With respect to the other two, Gingko biloba has shown a mild effect on anxiety, but overall research regarding its value is inconsistent. And finally, kava is a herb that contains substances called kavapyrones, which have an anxiolytic (alchohol-like) effect on the brain — but its efficacy as a means to reduce anxiety and depression is also questionable.


Related on The Swaddle:

Sugar Doesn’t Boost Your Mood; It Deteriorates It Further


So far, so average. But here’s what these nondescript herbal supplements and their pretty, friendly packaging fail to let you know: herbs are not chemical-free and harmless, which means ingesting them isn’t risk-free. Like allopathic medication, Ayurvedic medicines and herbal supplements work by reacting to chemicals within the body. Therefore, like allopathic medicines, Ayurvedic medicines and herbal supplements can have harmful side effects and cause adverse chemical reactions in the body if taken indiscriminately. Unlike allopathic medicine, Ayurvedic medicine and herbal supplements aren’t as concentrated nor as tried-and-tested — which means the potential for side effects isn’t as well-known or easy to predict or mitigate.

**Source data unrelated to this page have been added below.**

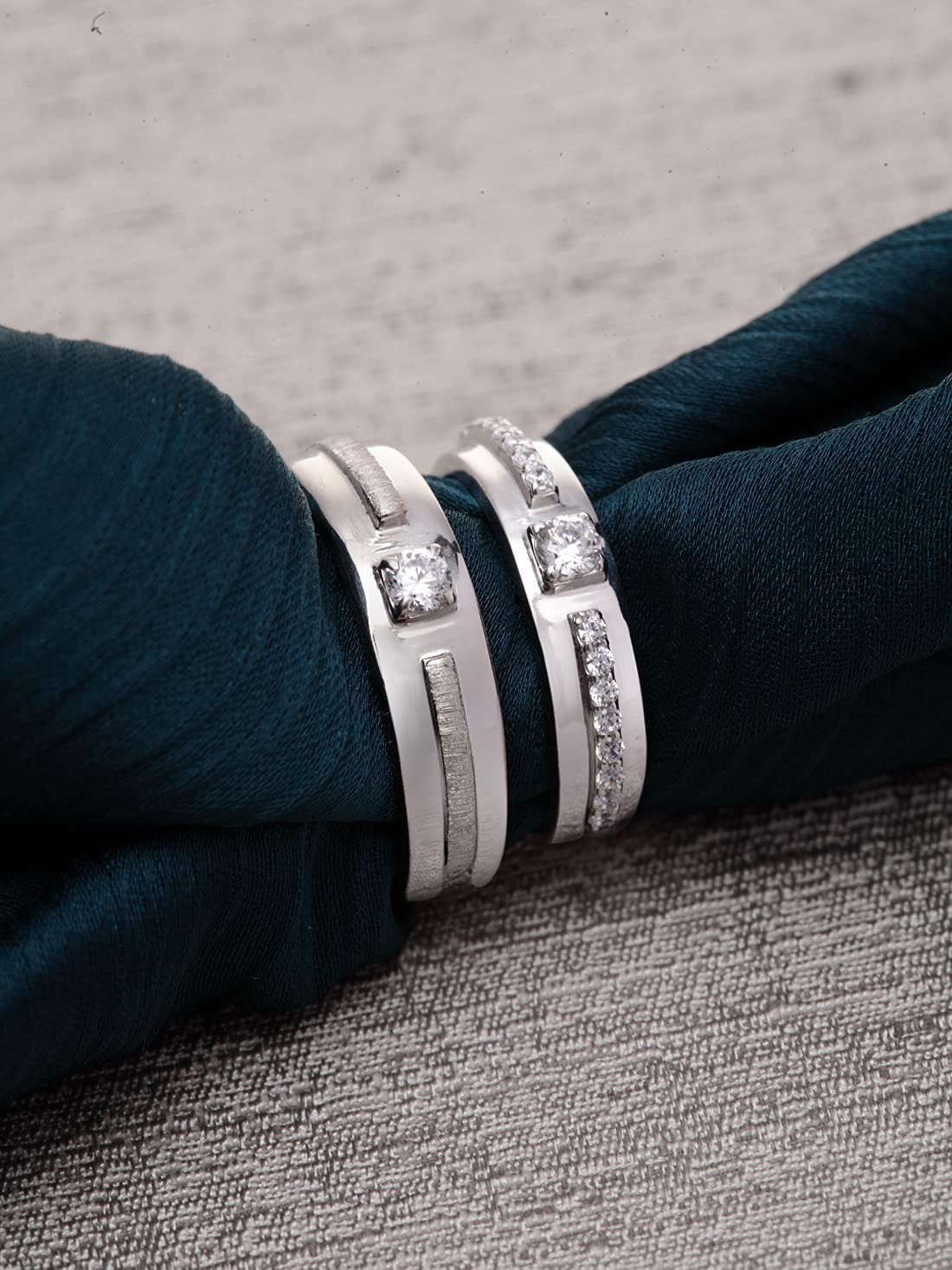 Clara Pure 925 Sterling Silver Nario Adjustable Couple Band, Promise Rings for Lovers | Gift for Men and Women | Partial Matte Finish
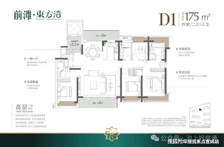 如果有进阶改善置业需求的客户,可以选择建面约140/175㎡4房2厅3卫!
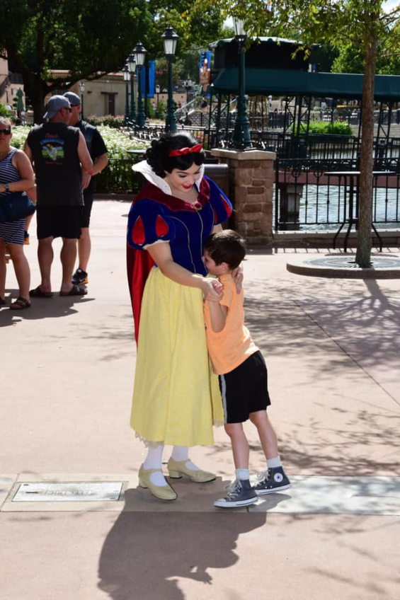 Овие фотографии ми будат многу емоции! Син ми Броди имаше напад на бес. Беше наш ред да се фотографираме со Снежана, а тој не сакаше ни да слушне за тоа. Снежана можеше да процени дека Броди има посебни потреби и го одведе на прошетка подалеку од толпата. Ова беше вистинска магија!
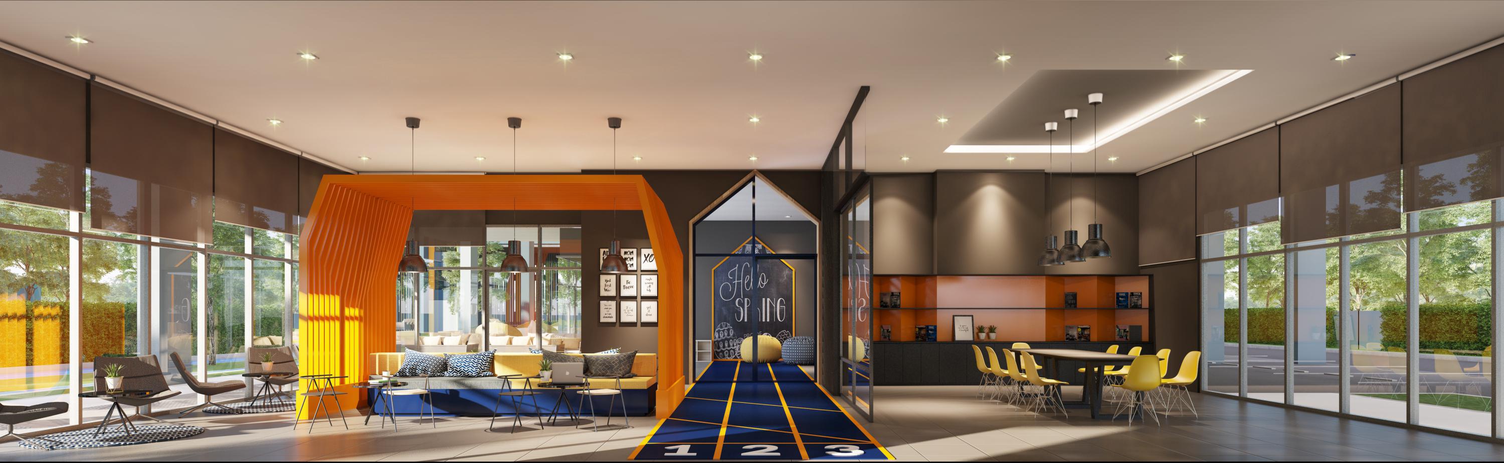 ขยับเข้ามาที่ Facilities ภายในตัวอาคาร ภาพจำลองที่เห็นอยู่นี้เป็นห้องอเนกประสงค์ออกแบบเป็นสไตล์ Sport ด้วยการใช้โทนสีที่ดูสนุกสนานอย่างคู่ตรงข้ามน้ำเงิน-ส้ม
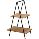 A decorative tiered tray featuring two wooden tiers in a ladder-shaped design. Our Two Tiered Wood Ladder is perfect for display small items in store or at home. Assembly required.
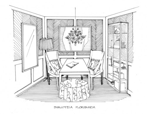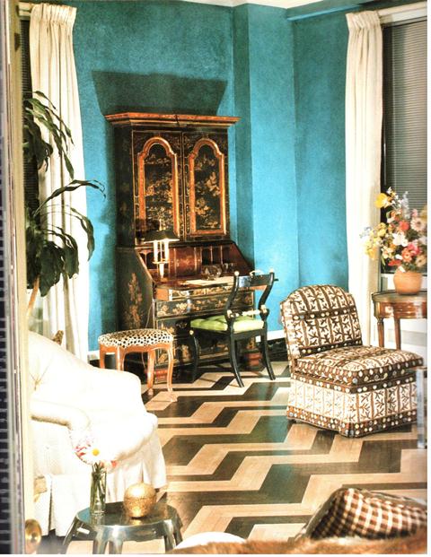 “When I think of an Albert Hadley room, I think of a space with a sense of clear geometry and definite color. Graphic patterns, precise arrangements and emphatic bursts of color clearing away the cobwebs of fussy decorating.  There is a clarity of thought and an optimism in his design work that demonstrates a Modernist point of view. An outlook that avoids a historicism and sterility.  My vignette hopes to capture some of that dynamism with graphic accents, clear color, mid-century furnishings and contemporary art.  I also really wanted to reconsider floral fabrics, the best of which are artworks in-and-of themselves.   Albert never shied away from a good print, and I feel like recent decorating has avoided florals, thinking of them as Granny’s smelly old sofa.  Done correctly they can be as up-to-date and impactful as more rigidly geometric patterns.”
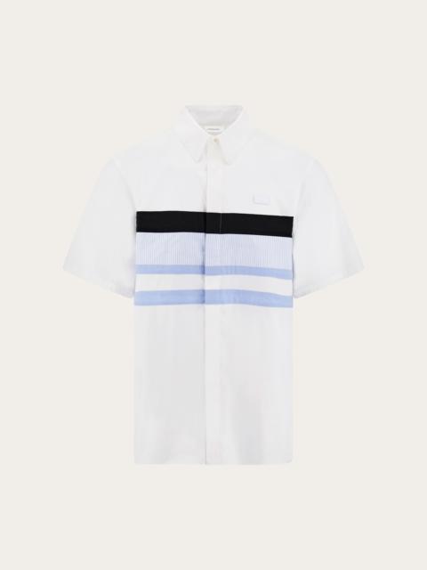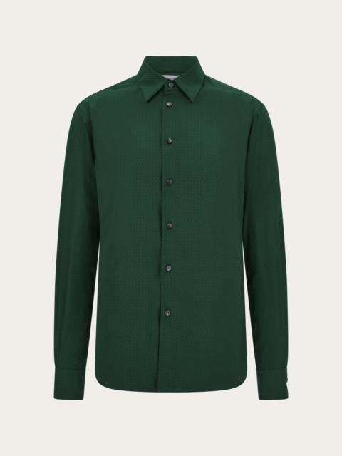 An essential part of any gentlemen's wardrobe, this cotton poplin shirt features a refined micro print featuring the iconic Ferragamo Monogram. The construction is classic, with a regular fit, back yoke, and rounded hem. Tone on tone button closure. - Composition: 100% cotton - Made in ITALY - Product code: 144833 785044
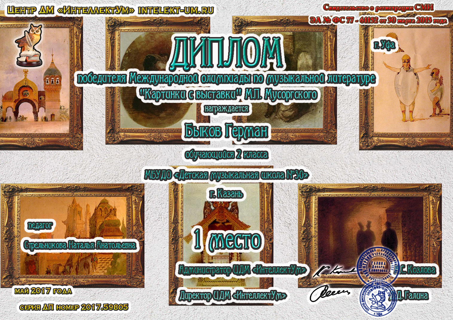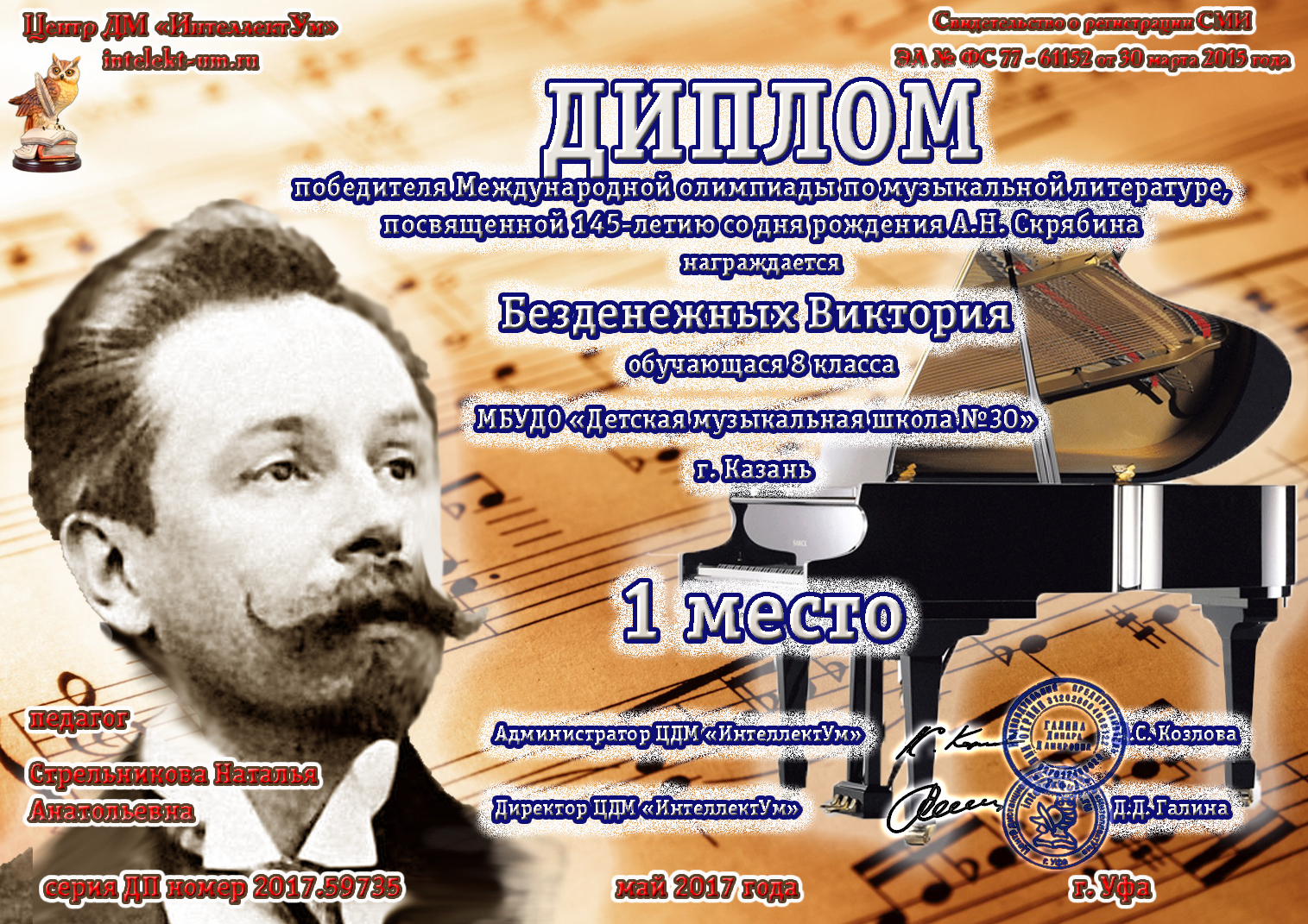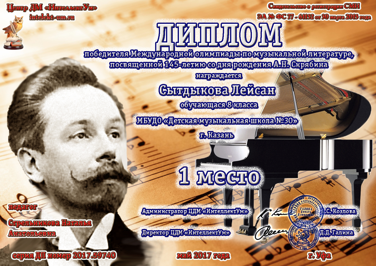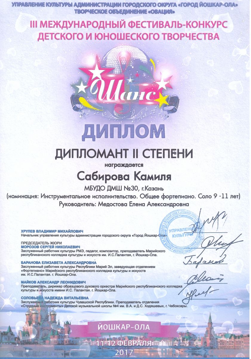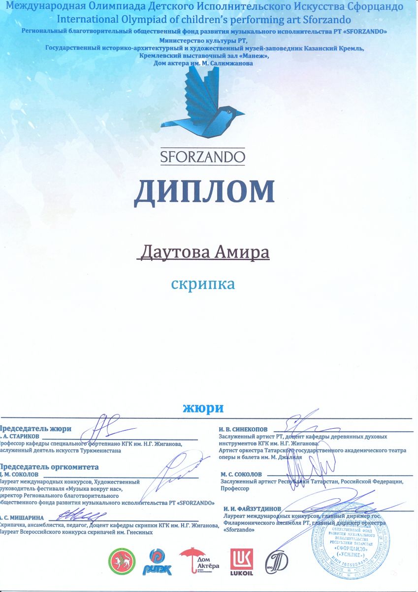 Международная олимпиада детского исполнительского искусства "SFORZANDO" Даутова Амира - диплом
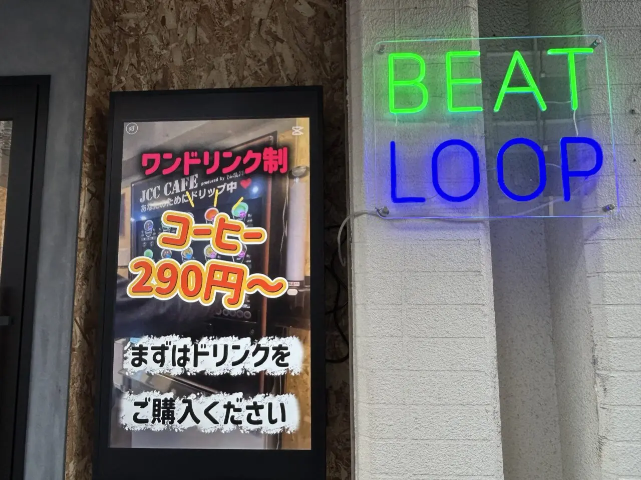 あびこエリアを歩いていると、派手なネオンサインが目に入りました。「BEAT LOOP」と光る看板、そして店頭には「セルフカフェ」「ホットコーヒー290円~」「24時間営業」の文字。先日こちらでご紹介した「BEAT LOOP」ですが、調べてみると2025年12月25日(木)にオープンしていたことがわかりました。

For example, St. John’s Wort is known to disrupt the effects of common medications like birth control pills, anti-depressants, HIV drugs, and more. This interaction can cause severe side effects ranging from agitation to diarrhea to insomnia. The U.S. Food and Drug Administration has warned people that kava consumption can cause severe liver damage, and the herb is banned in Great Britain, Canada, and Germany. Ashwagandha can lead to premature labor and fetal distress in pregnant women, and Gingko biloba can cause side effects like nausea, headaches, and stomach pain.

Bottom line? The ingredients in mood supplements might help with minor mood fluctuation, anxiousness, and depressive feelings, but they can also cause adverse side effects. And mood pills can be purchased without a prescription — and aren’t even considered medicine by regulators. Some don’t even have the required warning label to advise users about the possible side effects. Neither the pretty packaging nor the camaraderie-based branding can tell one when one should and shouldn’t take pills for mood-related wellness. Therefore, as in all cases, it’s best to consult a doctor who can inform about the same, and even suggest stronger medication if needed.